You could call his paintings slightly skewed.
Louisiana artist and professor Michael Crespo is fascinated with stark contrasts. He paints fish set against cityscapes and squid floating in a sea of black.
In one of his paintings, there is a large sheep wearing a wreath of red roses.
The images he conjures are born out of, as he put it, “a thought on another day, in another field of mind, in another act of doing.”
“Legends and Lagoons,” a collection of Crespo’s oil paintings, is the featured collection at the David Lusk Gallery in the Laurelwood Shopping Center, near The University of Memphis. The show runs until March 30.
“My painting is about the beauty, the power, the vulnerability, and fragility of nature,” said Crespo.
Crespo, who was born in New Orleans in 1947, said he has always been around art.

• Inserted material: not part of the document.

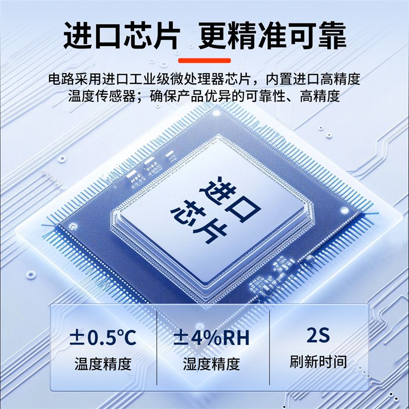 温度精度±0.5℃、湿度精度±4%RH,高精度、低漂移;

“Michael now teaches at LSU,” said Melissa Taylor, director of the gallery. “This is his third show with us, and his work has been displayed in places around Memphis for almost ten years.”
For the last 30 years, Crespo’s watercolors and paintings have also been shown around the country. He’s authored a series of painting instruction textbooks used in classrooms today.
The exhibition features close to twenty of Crespo’s paintings, in addition to some of his poetry.
“Michael typically paints things like an image of a bird, a fish or a flower against a black background, to make for a nice dramatic effect,” said Taylor.
“Lagoons and Legends” is the result.
“I find these traits mirrored in the human condition,” Crespo said. “I am also painting what I know — my own seascape of emotion and reason.”
He has included some of his poetry for visitors to the exhibition.
“Rest my form in dark, branching streams,” he writes, in the program notes for the collection. “Look afresh, for we are the skilled remnants of paradise.”
“Remnants,” another of his paintings, depicts a fragile dove flying against a murky city skyline.